What seems to be a positive trend is that the manufacturing–services divide is narrowing with each passing year. Not only are the budgets closer, the bell curve and the ‘pay for performance’ divide is also getting narrower.

In terms of the level of employees, the highest increase will be in the clerical and junior management grades, and this holds true for both the manufacturing as well as services sectors.

Top and senior managements have been consistently below the India average. Organisations today use various ‘pay at risk tools’ at these levels in lieu of high fixed increases.

The attrition rate in India is dropping. At 16.3 per cent attrition, it is the lowest that corporate India has observed since the 2009 financial crisis. The overall attrition in the services sector is 19.3 per cent, out of which 5.4 per cent is involuntary, which means these were people who were asked to leave.

In the manufacturing sector, the attrition  was comparatively low, at 12. 2 per cent and the contribution of involuntary increment was 3.4 per cent. The attrition level will be highest in the hotel, retail and life sciences industry at 26.4 per cent, 22.6 per cent, and at 19.1 per cent, respectively.

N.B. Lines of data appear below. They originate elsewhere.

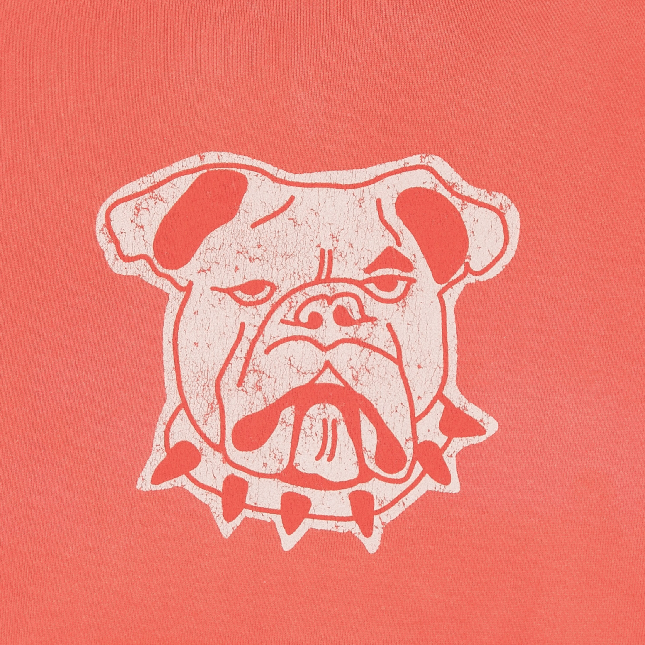 The Dead Atlantic Chapter 1 hoodie focuses on shape and feel. The overall silhouette of the Bulldog Hoodie is slightly cropped and oversized with short raw edges on the cuffs and no drawstring on the hood. The sleeves feature a reverse self stripe to give it an iconic twist that is uniquely Dead Atlantic. The bulldog graphic is inspired by retro collegiate sports logos.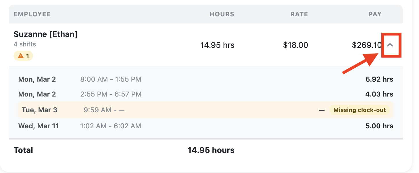 Click the dropdown arrow on an employee row to view that employeeโs recorded shifts.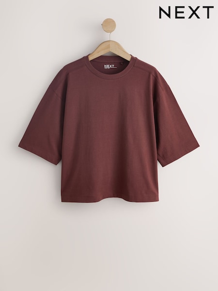 Chocolate Brown Relaxed Boxy Elbow Length Crew Neck T-Shirt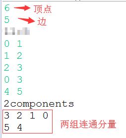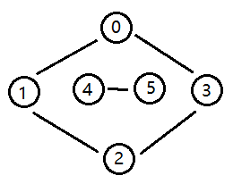 无向图的极大连通子图称为连通分量。极大表示连通子图不能再大,再多一个顶点就不连通了。如下图 "0、1、2、3" 就是一个连通分量,"4、5" 是另一个连通分量。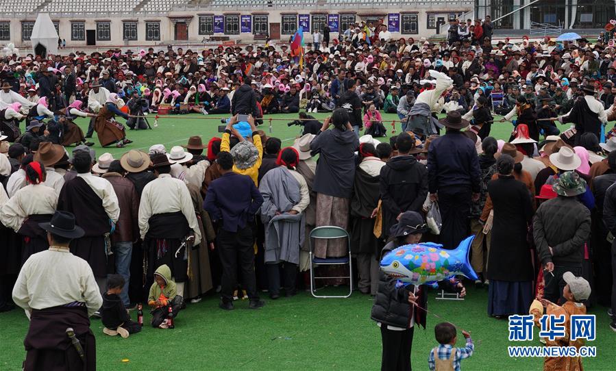 8月9日,观众在西藏当雄县观看民间传统拔河比赛。 当天,西藏当雄县海拔4300米的赛马场举行激烈的民间传统拔河比赛,来自当雄县各乡镇的牧民妇女盛装参加拔河比赛,场面喜庆而热闹。 新华社记者 李梦娇 摄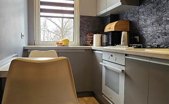 - Kuchnia z meblami na wymiar, wyposażona w kompletny sprzęt AGD

The lowest attrition will be in the metals, automobiles and transport sectors at 5.8, 9 and 10 per cent, respectively.

While attrition was controlled at a broader level, key talent attrition increased from 5.9 per cent in 2014 to 7.3 per cent in 2015. Increasingly, organisations are developing separate retention plans and policies for their top talent.

Rewards continue as a retention tool to ring-fence top talent, programmes around leadership opportunities and coaching, overseas assignments and fast-track programmes for hi–potentials are gaining prominence.

The key reasons for attrition continue to be disparity in pay, — both external as well as internal— limited growth opportunities, higher education and role stagnation.

The study has analysed data across 700 companies.